The goal of the current study was to estimate the learning rate of inexperienced evaluators in labeling pediatric wrist fractures on digital radiographs. We recruited students with and without a medical background or training to annotate fractures and, thus, to assess their utility to radiologists in creating a comprehensive supervised deep learning dataset.

Methods

We recruited nine medical and one high-school student to the study. We arranged them into four single raters and three teams of two evaluators. None of these ten individuals had specific experience in analyzing pediatric wrist fractures. Table 1 shows the particulars of these students, including previous experience in radiology or traumatology. They were instructed to manually tag all visible fractures of any age in randomly selected non-overlapping pediatric wrist digital radiography (DR) studies. Each observer processed 1,000 images, composed of 100 pictures per workday over two weeks or 10 business days.

thumbnail
Table 1. Age, sex, study duration, experience with radiography, traumatology, radiology.

https://doi.org/10.1371/journal.pone.0276503.t001

Moreover, they were asked to annotate a list of additional image tags (laterality, image projection) and classes (text, metal, bone lesion, periosteal reaction, rotational axis, foreign bodies, and soft tissue swelling) in every image, if proper to do so. We also requested the raters to judge and note the subjective difficulty of every X-ray picture on a five-point Likert scale (1 = Very easy, 2 = Easy, 3 = Neither easy nor hard, 4 = Hard, 5 = Very hard). The cumulative 7,000 student-assessed trauma radiographs were part of a comprehensive, already published dataset on pediatric trauma wrist examinations, containing 20,327 images in total [26].

Professional reporting workstations equipped with calibrated radiological 10-bit gray-level monitors RX240, RX440, or RX650 (Eizo, Ishikawa, Japan) displayed the X-ray studies in darkened reading rooms of the Division of Pediatric Radiology, Department of Radiology, Medical University of Graz. The students used the Supervisely artificial intelligence online platform (Deep Systems LLC, Moscow, Russia) to show the anonymized examinations and to label the pathologies. This platform logged numerous annotation-related parameters like overall and net annotation times or labeling durations for the available classes and tags.

Two pediatric radiologists with seven (S.T.) and eight (R.M.) years of professional experience in childhood trauma imaging re-evaluated the student interpretations by consensually obtaining the number of true/false positive/negative fracture judgments. In cases where the reference radiologists were not able to ascertain the absence or presence of a fracture, they accepted the respective student classification as either true negative or true positive. The pediatric radiologists also recorded the time necessary to correct the erroneous annotations in the image sets. Long-term average labeling time per wrist image, including all previously-mentioned classifications and objects, was 22 seconds for radiologist 1 and 21 seconds for radiologist 2. Each day, a pediatric radiologist gave constructive feedback to six of the seven raters to enable appropriate learning progress. Rater 7 (defined as control) received no specialist response during the labeling period, but after completion of the annotation procedure.

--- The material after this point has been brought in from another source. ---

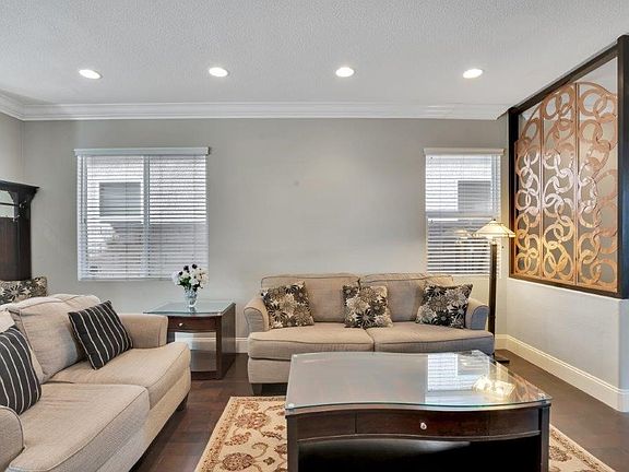 Welcome to the Heart of Brea. 5 min to downtown Brea and the Brea mall. Enjoy the open floor plan fitted with recessed lights, crown moldings, 6.5' baseboards, hardwood flooring, and laminate wood plank flooring. The kitchen is complimented by its antique white cabinetry & a huge center island with custom pendant lights, stainless steel appliances, & recessed sink. Relax with a full bedroom & bathroom downstairs. Follow the elevating stairs up into a large master bedroom with custom recessed ceiling, recessed lights and ceiling fan. Further is an ensuite bathroom comprised of a luxurious sunken tub, travertine floors, along with 2 classy, separated vanities. Discover three additional sizeable bedrooms & a large loft for entertaining. This spacious garage features epoxy flooring, custom built in cabinets, and wall racks. Included in the home are newer appliances such as a washer, dryer, refrigerator. Listed as 5 bedrm due to loft can be converted.

Sensitivity (true positive rate = TPR), specificity (true negative rate = TNR), positive predictive value (PPV), negative predictive value (NPV), as well as the F1 score [= 2*(TPR * PPV) / (TPR + PPV)] [27], were among the main parameters of interest, calculated based on the aforementioned true/false positive/negative fracture numbers. The Intersection over Union (IoU) metric (or Jaccard Index) served as a measure of bounding box accuracy [28], compared between the reference radiologists and the student-produced annotations. The literature commonly describes an overlapping area of more than 50% as good accordance between annotations by different raters [29]. A self-written Python script computed the IoU value in every image.

We performed the statistical calculations with IBM SPSS Statistics version 21 (IBM, Armonk, New York, United States of America). The dataset was analyzed with descriptive statistics and comparisons of means, specifically t-tests and ANOVAs for group comparisons. Appropriate regression curves were fitted and selected to demonstrate learning rates or visualize progression over time. P values below 0.05 were assumed to be statistically significant.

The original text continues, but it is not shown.